Generating Unusual Molecules with Genetic Algorithms

Esbenbjerrum/ February 4, 2024/ Blog, Cheminformatics, Machine Learning, Molecular Generation, Neural Network/ 7 comments

I’ve long been working with generative models, mostly centered around SMILES-based deep learning models. However, I’ve been wanting to try out genetic algorithms for some time. Using the evolutionary mechanics inspired by Darwin as a template for optimizing a population, algorithms based on these principles have shown promising results in various domains, including molecular generation and optimization. Numerous studies, such as those referenced in this blog post (see: https://arxiv.org/abs/2310.09267 and https://arxiv.org/abs/2206.12411), have demonstrated competitive outcomes.
In this blog post, I aim to recreate some weird molecules, as it has been shown that generative models can produce unusual results when overexploiting Quantitative Structure-Activity Relationship (QSAR) models (e.g. see: https://doi.org/10.1016/j.ddtec.2020.09.003). First, we will build a QSAR model of activity using Scikit-Mol [1] in conjunction with Scikit-learn. We’ll use a dataset released as part of the mentioned paper, which originates from a binding assay against Tyrosine-protein kinase JAK2.
First step is to download and load the dataset into a pandas dataframe. A quick little helper function to either load it or download it can come in handy.

import os
import pandas as pd
import urllib.parse
import urllib.request
def load_csv_from_url(url, filename=None):
    if filename is None:
        filename = os.path.basename(urllib.parse.urlsplit(url).path)
    if not os.path.isfile(filename):
        urllib.request.urlretrieve(url, filename)
    
    df = pd.read_csv(filename)
    return df
url = "https://raw.githubusercontent.com/ml-jku/mgenerators-failure-modes/master/assays/processed/CHEMBL3888429.csv"
df = load_csv_from_url(url)
df.head()
smiles value label
0 NC(=O)c1cn(nc1Nc2ccnc(F)c2)C3(CC#N)CCN(Cc4cccn… 6.84 0
1 CN(C1CCC(CC#N)(CC1)n2cc(C(=O)N)c(Nc3ccnc(F)c3)… 6.98 0
2 NC(=O)c1cn(nc1Nc2ccc(F)cc2)C3(CC#N)CCN(CC3)C(=… 7.48 0
3 NC(=O)c1cn(nc1Nc2ccnc(F)c2)C3(CC#N)CCN(CC3)C(=… 8.05 1
4 NC(=O)c1cn(nc1Nc2ccnc(F)c2)C3(CC#N)CCC(CC3)NCc… 8.70 1

Good. The value to build the regression model from is in the “values” column, and it seems that high numbers are associated with being class 1, which should be active. Full details should be available in the paper mentioned before.
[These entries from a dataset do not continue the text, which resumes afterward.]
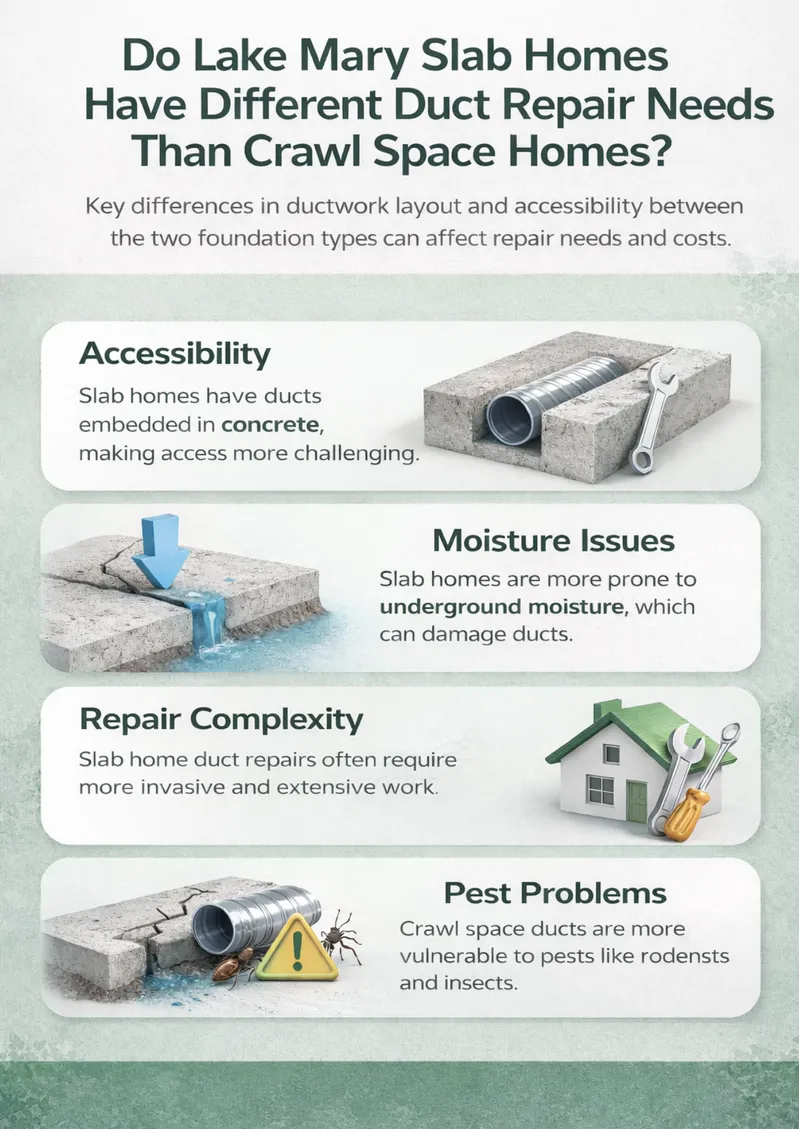 Do Lake Mary Slab Homes Have Different Duct Repair Needs Than Crawl Space Homes?
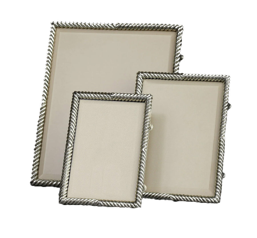 Timeless and refined picture frame design meticulously handcrafted with 24K gold and platinum plating, beveled glass, satin lining and Italian leather and suede backs with beautifully detailed closures.
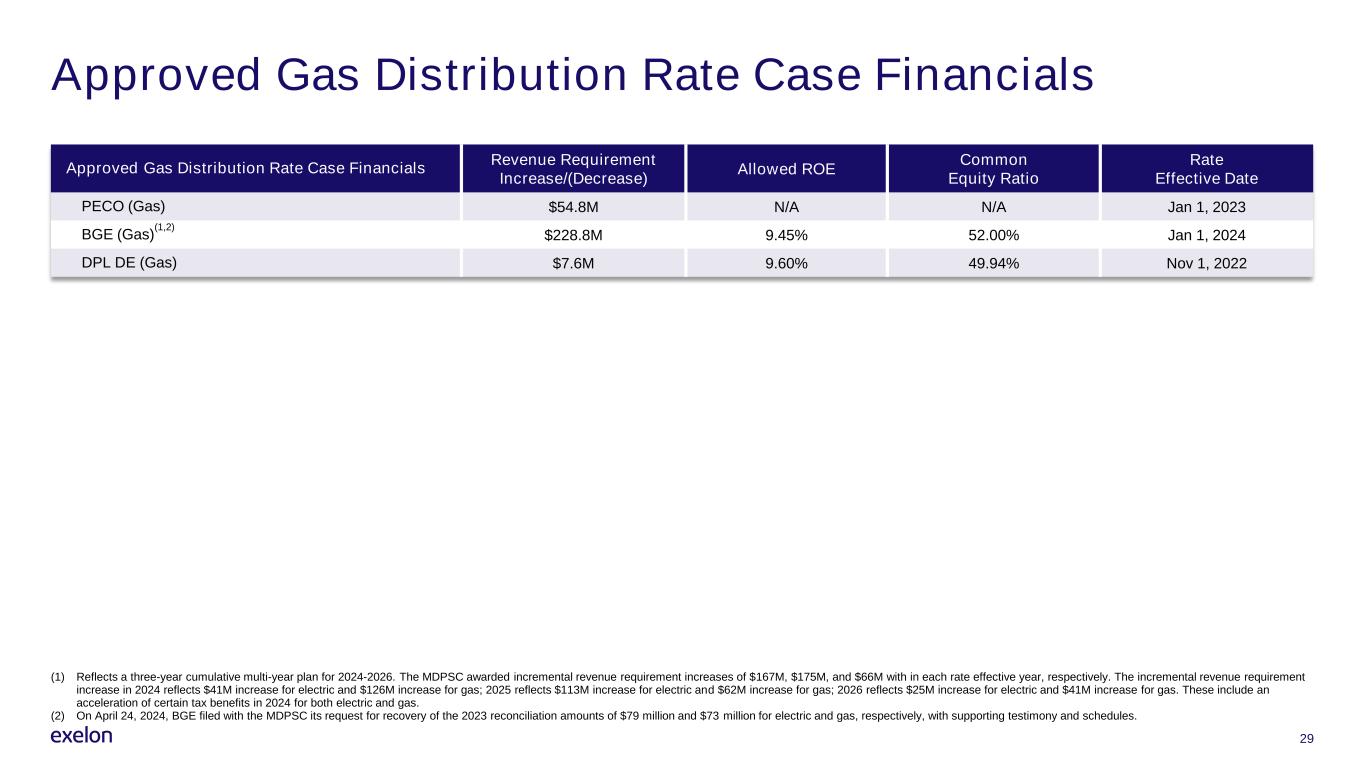 29批准的配气率案例财务批准的配气率案例财务收入要求增加/(减少)允许的ROE普通股比例率率生效日期PECO(Gas)$ 5480万N/A N/A 2023年1月1日BGE(Gas)(1,2)$ 2.288亿9.45% 52.00% 2024年1月1日DPL DE(Gas)$ 760万9.60% 49.94% 2022年11月1日(1)反映了2024-2026年的三年累计多年计划。MDPSC授予的增量收入要求在每个费率有效年度分别增加1.67亿美元、1.75亿美元和6600万美元。2024年增加的收入要求反映了电力增加4100万美元,天然气增加1.26亿美元;2025年反映了电力增加1.13亿美元,天然气增加6200万美元;2026年反映了电力增加2500万美元,天然气增加4100万美元。其中包括在2024年加快对电力和天然气的某些税收优惠。(2)2024年4月24日,BGE向MDPSC提交请求,要求分别追回2023年电力和天然气调节金额7900万美元和7300万美元,并附有支持性证词和时间表。

Next, we will have a look at the properties of the dataset by examining distributions of the scores and SMILES string length, as we will need that info later on.

import matplotlib.pyplot as plt
length_smiles = df.smiles.apply(len)
_ = plt.hist(length_smiles, bins=25)
_ = plt.title(f"Max SMILES length is [{max(length_smiles)}]")

png

_ = plt.hist(df.value, bins=25)
_ = plt.title(f"Max value in y_train is [{max(df.value)}]")

png

I also always think it’s a good idea to look at the molecules (and that dataset contains some I would normally filter away), but for the sake of staying close to the paper, we’ll use the dataset as is and simply look at the top-valued molecules, which we can then use as a reference to gauge the later generated ones.
Turns out there is a NaN in the values column that we need to remove.

df = df[~df.value.isna()] #value contains some NaN's, must be filtered

 

from rdkit import Chem
from rdkit.Chem import Draw
from rdkit.Chem import AllChem
import numpy as np
#We feed in tuples of scores, smiles as this makes it easier for the output from the genetic algorithm further down....
def visualize_molecules_with_scores(molecule_data):
    mols = [Chem.MolFromSmiles(smiles) for _, smiles in molecule_data]
    img = Draw.MolsToGridImage(mols, molsPerRow=4, subImgSize=(200, 200), legends=[f'Score: {score:.2f}' for score, _ in molecule_data])
    return img
#Identify the top 8 and create the list of (scores, smiles)
top_indices = np.argsort(df.value)[::-1][:8]
top_molecules_and_scores = list(zip(df.value.values[top_indices],df.smiles.values[top_indices]))
visualize_molecules_with_scores(top_molecules_and_scores) # Pandas could probably give me the top 8 if I googled it

png

Now we have an idea of some of the chemical motifs that give a good score. Let’s go on and do some imports and build a simple Scikit-Learn model. First, some imports, splitting the dataset, and transforming the molecules into features. We use Scikit-Mol (https://pypi.org/project/scikit-mol/), which was introduced in another blog post, to handle our featurization. We keep it simple and standard with Morgan bit-fingerprints with a default radius (two).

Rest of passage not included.